ベートーヴェン、バエス、バルトークと〈B〉の作曲家による〈バガテル〉で組まれたプログラム
あけたとすこしまえにはいわれていたにもかかわらず、しばらくすると、また天候が不安定になり、傘を手放せなせない日々がつづいた7月半ば。喫茶店にすこし早めについたころはまだだったのに、所在なくながめていると、すこしずつ雨が降りはじめ、悠治さんがやってくることには、かなり雨足はつよくなっていた。

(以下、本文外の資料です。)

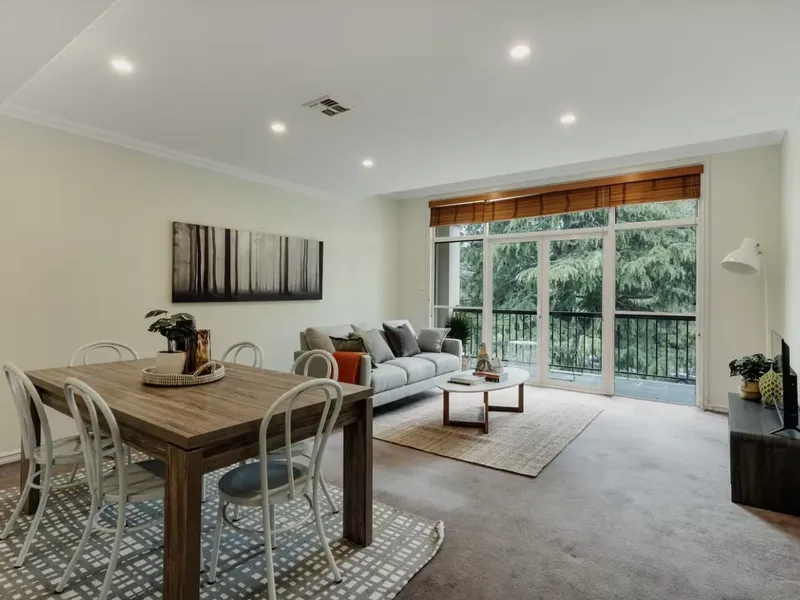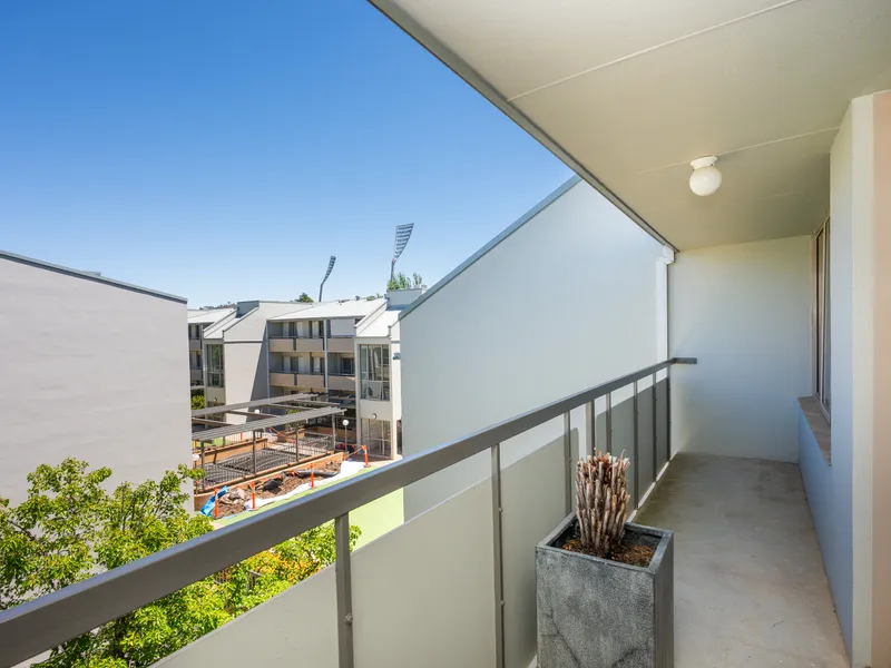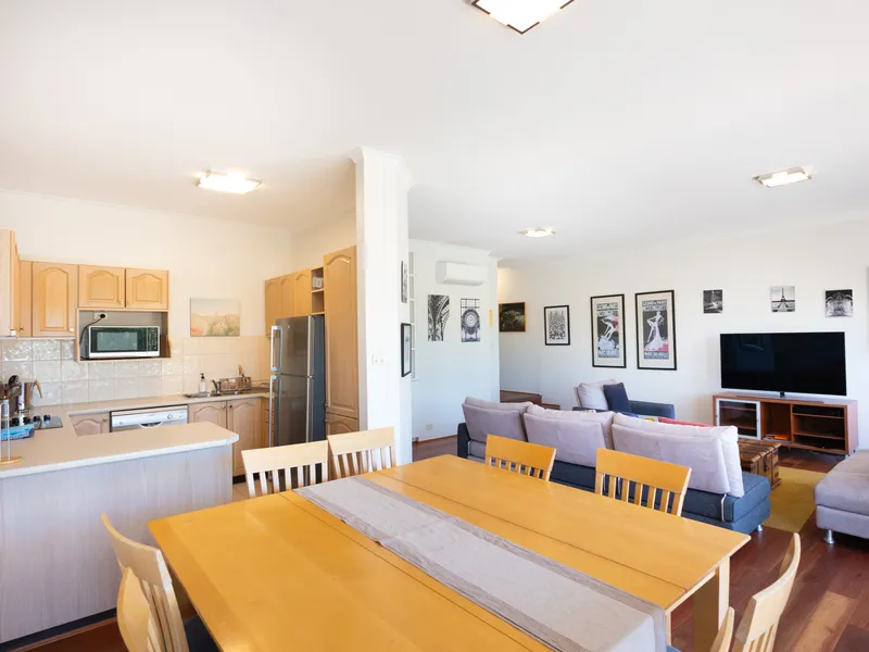 Perched on the top floor and enjoying a desirable north-facing aspect, this light-filled home is designed for effortless living. The spacious layout features an open-plan living and dining area, complemented by two private balconies perfect for relaxing or entertaining.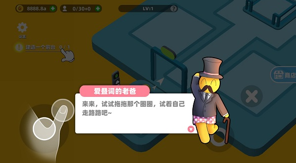 点击右侧图中的圆圈即可建造各种设施,比如任务引导下的建造前台。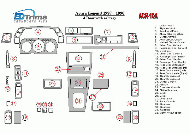 Acura Legend 1987 - 1990 Dash Trim Kit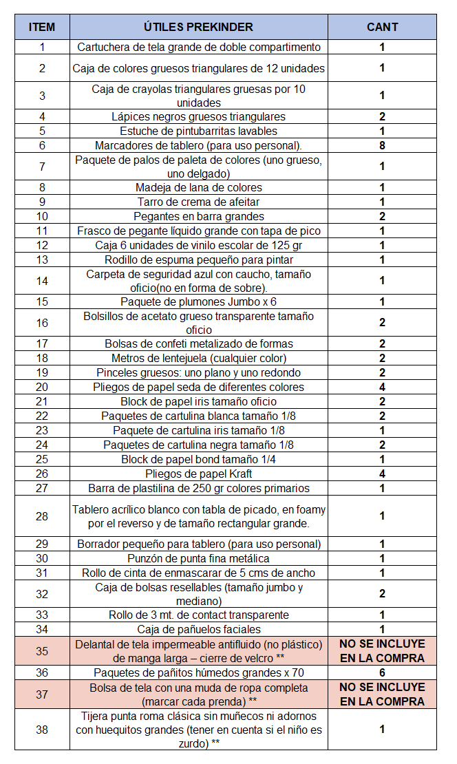 / KIT – ÚTILES DE PAPELERÍA PREKINDER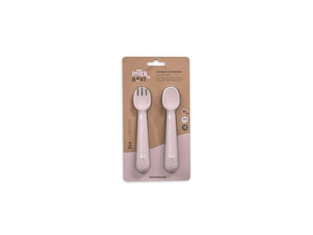 INTERBABY | SET silikonová LŽIČKA + VIDLIČKA - růžový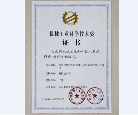 10月20日,中國機械工業聯合會、中國機械工程學會發布了《關于表彰2022年度“機械工業科學技術獎”獎勵項目的通報》文件,山東健源生物科技有限公司參與完成的《高效飼草料生產關鍵技術裝備的研發與產業化》項目榮獲2022年度機械工業科學技術獎“科技進步獎二等獎”。
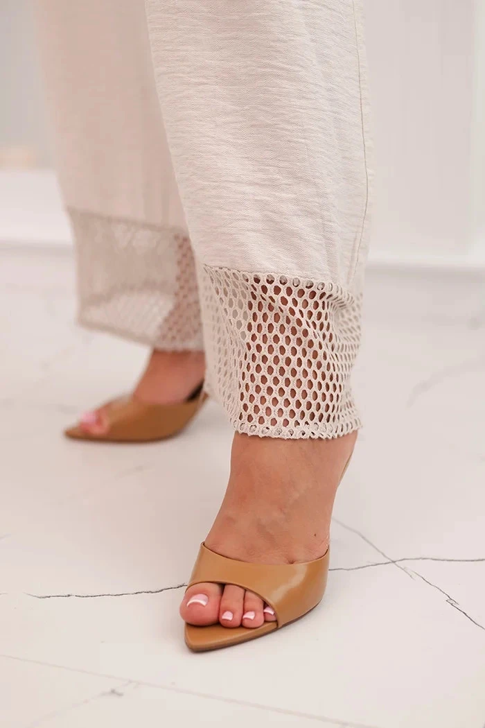 Dámská souprava z viskózy, top na širokých ramínkách a kalhoty s širokým nohavicí béžový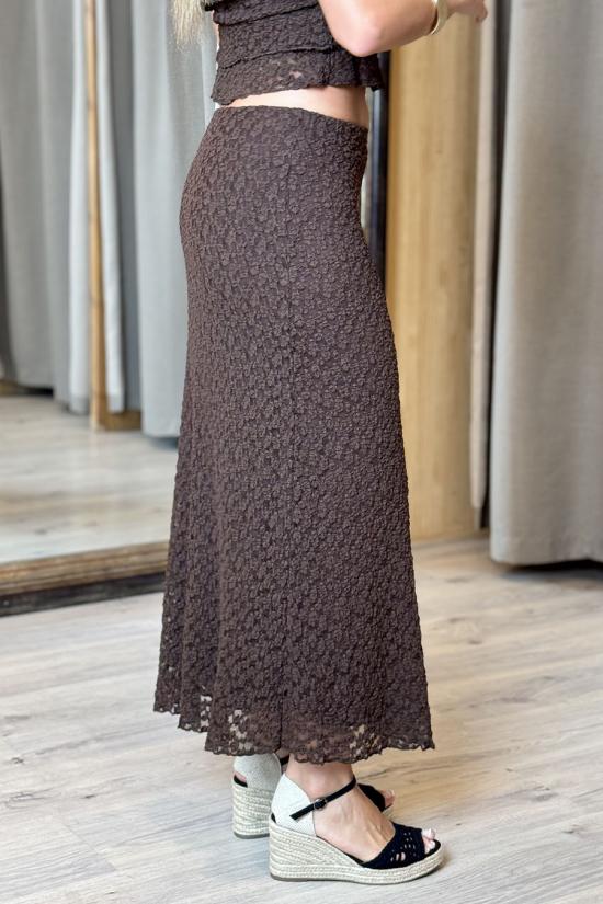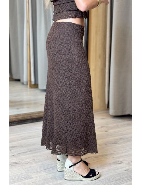 Long flared maxi skirt. Made from embroidered tulle. Elasticated waistband to fit a range of sizes.

――今回のアルバムは3月に浜離宮朝日ホールでおこなわれたリサイタルの演奏を収録していて、中心となる3人の作曲家はどれも姓が〈B〉ではじまる。しかも作品はどれも〈バガテル〉。作品は、19-20-21世紀、それぞれのはじめのころの作品(1824/1908/2009)。アンコールに弾かれたクープランは18世紀でしょうから、400年にわたる、となるんですかね。
「フィリピンの作曲家、ジョナス・バエスの曲がはじまりなんですよ。フィリピンでホセ・マセダのつぎの世代にあたるのかな」
――1961年生まれだから、わたしとほとんどおなじですね。マセダは1917年生まれだから、ちょっとあいだがあるかんじですかね。マセダの弟子ってところかしら?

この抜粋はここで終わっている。